American businesses should stand up and defend open borders.
In a difficult and uncertain world, it is refreshing to have good news, even when it mainly constitutes the failure of a predicted disaster to materialise. It was revealed yesterday that global trade in the three months to January had grown at the fastest rate in nearly seven years.
The news is reassuring because of a widespread worry over the past few years. While a full-on protectionist disaster akin to the Great Depression has been avoided following the global financial crisis, many have been concerned that trade has nonetheless been held back by governments afraid of free markets and globalisation. Yet while that downside risk has failed to materialise, another rather large one has heaved into view in the shape of the avowedly protectionist Donald Trump.

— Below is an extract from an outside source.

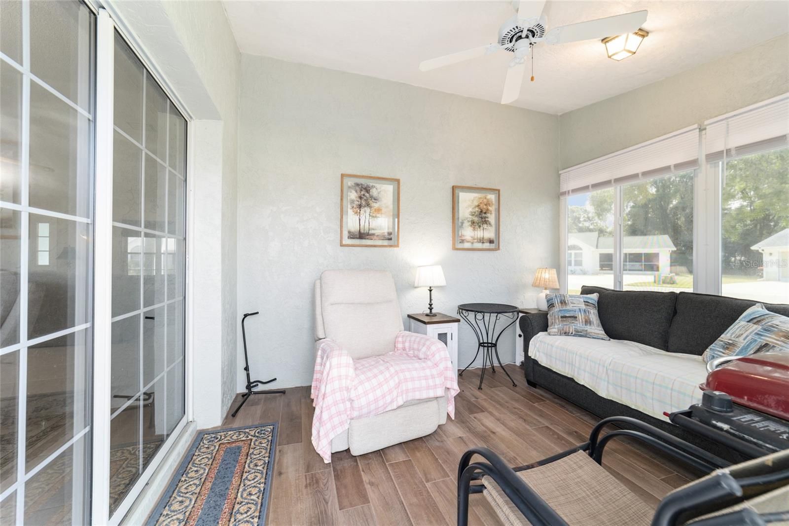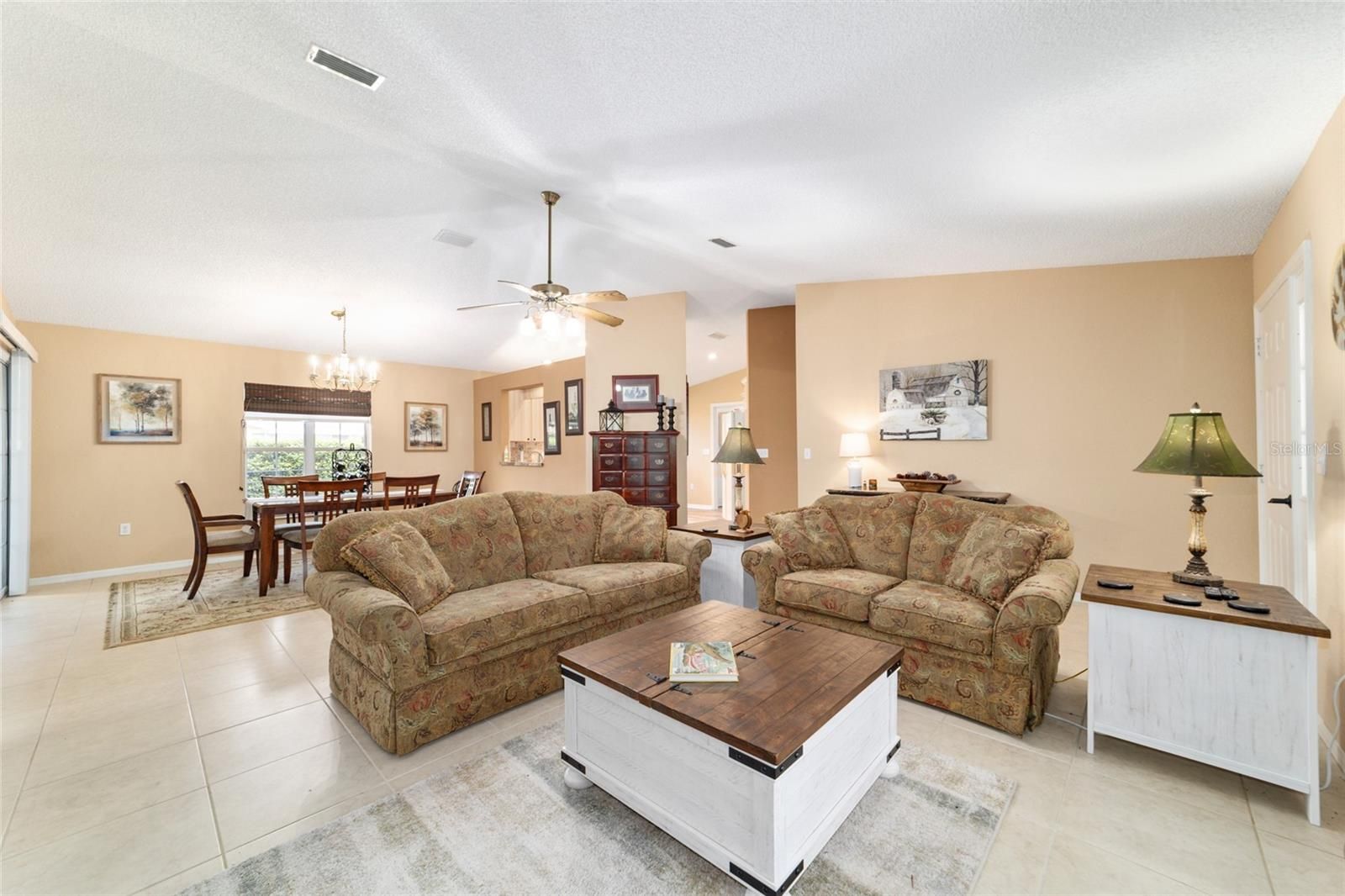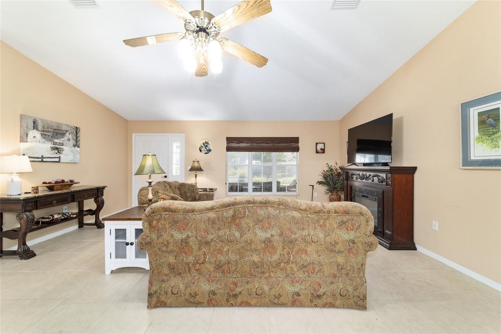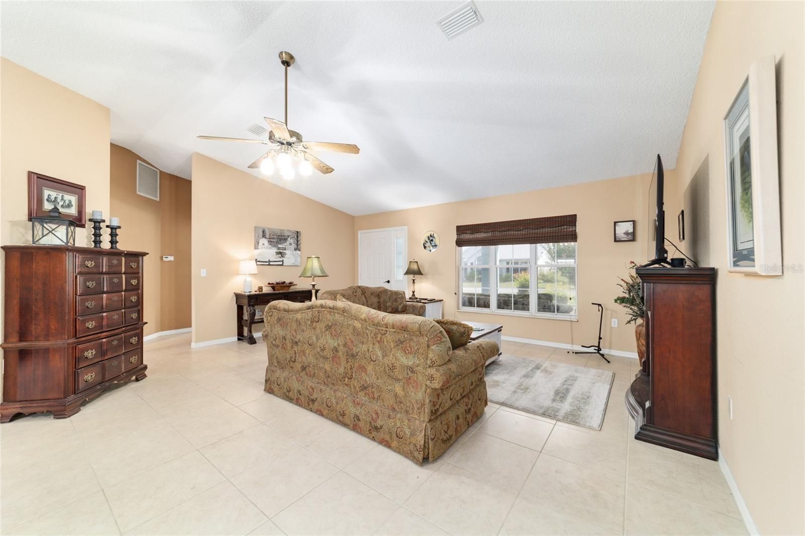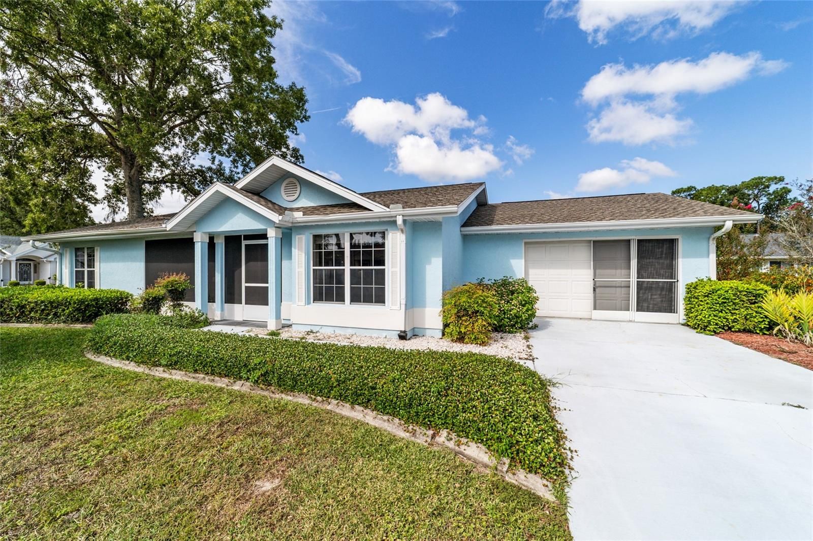 This beautifully maintained 2-bedroom, 2-bath split-bedroom home offers comfort, functionality, and plenty of updates. The large one-car garage provides extra space for a golf cart, and the newly screened front porch creates the perfect spot to relax and enjoy the outdoors. Inside, both bedrooms feature walk-in closets, with the second bedroom boasting new carpet. The primary suite includes a spacious vanity with seating area, a linen closet, and a walk-in shower. The guest bathroom features a tub/shower combo, another large vanity, and its own linen closet. Enjoy the spacious living and dining room combo with a convenient pass-through to the kitchen. The kitchen features a new dishwasher and vent hood, plus attractive tan countertops with a matching backsplash. Additional highlights include an indoor laundry room and a bright lanai with new Low-E windows to keep it cool, finished with elegant porcelain tile and access to the patio and large fenced backyard — perfect for pets or outdoor gatherings. Practical updates like rescreened garage sliders, an updated garage door opener, and a new roof (2024) provide peace of mind for years to come. Service fees includes trash pickup, basic cable, 24-hour security, access to all community amenities, and maintenance of common areas and facilities. Residents of this community enjoy access to numerous amenities with six pools ( 1 indoor ), 5 Hot tubs - spanning across three different club houses! But it doesn't stop there.. Over a 150 clubs to join, two recently updated workout centers, Enjoy meals at the on-site restaurant or hit the greens at the community golf course. Plus, there's a dedicated dog park for your furry friends. This community ensures an active and fulfilling lifestyle. Don’t miss out on this opportunity to make this home yours! VISIT HOMES FOR A 3D TOUR!

It remains to be seen whether Mr Trump’s threats of massive tariff increases will come to much more than his abortive plans for fundamental changes to US healthcare. But the chances of their becoming reality will be reduced if US businesses, which have much to lose from an international trade war, stand up to defend globalisation as good for America.

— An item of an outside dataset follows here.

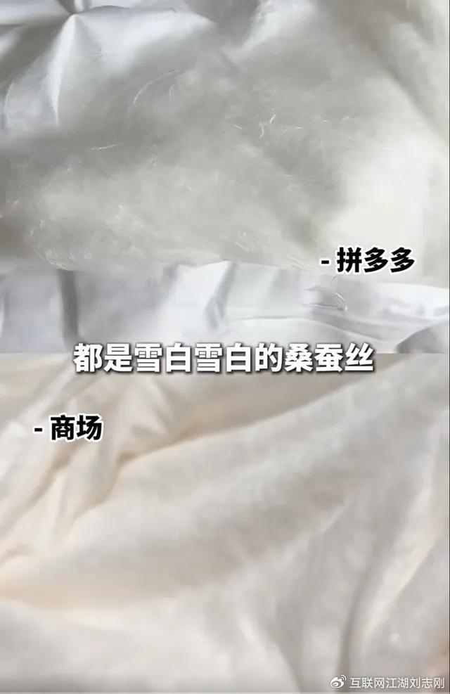 “做工用料上,商场卖的万元的蚕丝被,被套都是桑蚕丝的,而且做工用料显然好了不止一个档次,拆开来看,拼多多卖的蚕丝被与商场一样,里面都是雪白雪白的桑蚕丝,厚厚一层但一点也不皱。”博主说。

The concern about global commerce in recent years reflects the fact that the world has been receiving much less trade per dollar of gross domestic product than it did during the 1990s and early 2000s. In the heady days of globalisation before the global financial crisis, trade tended to grow at something like twice the rate of GDP: that ratio has dropped to more like one-to-one in recent years.
On examination, though, this seems to be more to do with natural structural changes. As emerging market countries, particularly China, have gone up the value chain, so they have taken more of previously internationally disaggregated production processes inside their economies. It is part of the evolution of the world economy, and nothing to worry about.
The havoc that Mr Trump could cause, particularly if he starts a trade war with China, is much more concerning. It may well be that the president’s fiery rhetoric turns out to be nothing but hot air. The travel ban and healthcare debacles have shown that the Trump White House does not have the command of detail or understanding of the legislative process to implement its policies in full. But the president’s ability to inflict severe damage on international trade without needing to consult Congress is considerable.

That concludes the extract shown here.